Warum das so ist, weiß man noch nicht genau. Die Dynamik eines Tropfens auf so einer speziellen Oberfläche ist knifflig zu verstehen und es spielen so viele verschiedene Faktoren eine Rolle, das man sie noch nicht komplett aufgedröselt hat. Wer Lust hat, kann sich die wissenschaftliche Publikation zu diesem Phänomen ansehen (“Enhanced Droplet Control by Transition Boiling”). Aber egal ob man weiß, warum das so ist oder nicht: Das Video, das die Bewegung der Wassertropfen zeigt, ist großartig!

Man kann also auch als einfacher Physik-Student etwas entdecken, was nicht nur bisher noch keiner erklären kann, sondern auch extrem cool ist!

Kommentare (14)

  1. #1 Stefan W.
    https://demystifikation.wordpress.com
    10. September 2013

    Extrem hot, wenn schon. 🙂

    Es gibt auch einen – nun ja, nicht gegenteiligen Effekt, und zwar ein böses Kneipenspiel.
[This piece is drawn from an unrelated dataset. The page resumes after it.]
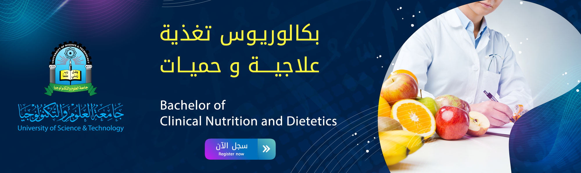 يُعد برنامج بكالوريوس التغذية العلاجية والحميات أحد البرامج الأساسية التي يقدمها قسم العلوم الصحية بكلية الطب والعلوم الصحية في جامعة العلوم والتكنولوجيا، ويمنح درجة البكالوريوس في علوم التغذية العلاجية والحميات. يهدف البرنامج إلى إعداد خريجين يمتلكون معرفة علمية وعملية متخصصة لفهم العلاقة الحيوية بين الغذاء وصحة الإنسان. يركّز البرنامج على استخدام التغذية كوسيلة علاجية فعّالة في الوقاية وإدارة الأمراض المزمنة المرتبطة بنمط الحياة مثل داء السكري، السمنة، وأمراض القلب والأوعية الدموية، حيث يكتسب الطلبة فهماً عميقاً لكيفية التداخل الغذائي مع هذه الحالات لتحسين جودة الحياة وتعزيز الصحة. كما يولي البرنامج اهتمامًا خاصًا بالجوانب المجتمعية والسلوكية المتعلقة بالصحة والتغذية، ويعزز وعي الطالب بأنماط التغذية السليمة ودورها في الوقاية والتدخل العلاجي. يشمل البرنامج مقررات علمية متقدمة وتدريبًا سريريًا وتأهيليًا في مؤسسات صحية معتمدة، بما يضمن تأهيل خريجين قادرين على العمل في مختلف قطاعات الرعاية الصحية والمجتمعية. ويشكل قاعدة أكاديمية للالتحاق بالدراسات العليا في مجال علوم التغذية.

Man bietet jmd. einen großen Schein an, wenn er diesen um den Arm wickelt, und mit der Zigarette ein Loch hinein brennt.

    Die Haut unter dem Schein transportiert die Hitze so schnell ab, dass man nicht die nötige Temperatur erreicht, um ein Loch ins Papier zu brennen. Stattdessen zieht man sich aber bei hohen Scheinen großflächige Verbrennungen zu.

  2. #2 Piepsi
    10. September 2013

    Klasse! Aber warum juckt’s mich jetzt, meinen Herd anzuwerfen? 🙂

  3. #3 Ludmila
    https://scienceblogs/de/planeten
    10. September 2013

    @Piepsi: Du auch 🙂 Das ist das Erste, was ich heute abend machen werde, wenn ich nach Hause komme 🙂

  4. #4 Piepsi
    10. September 2013

    😀

  5. #5 Waaahsabi
    10. September 2013

    Ich vermute, der Tropfen bewegt sich auf den Zähnen so, da die größte Kontaktfläche nicht horizontal, sondern geneigt ist, und sich so ein schräg vorwärts gerichtetes Dampfkissen bildet, das den Tropfen nach vorne (entgegen der Zahnung) drückt. Der Zahn selbst bietet kaum Fläche so dass der Tropfen eher darüberrollt, bis zur nächsten größeren Fläche etc etc.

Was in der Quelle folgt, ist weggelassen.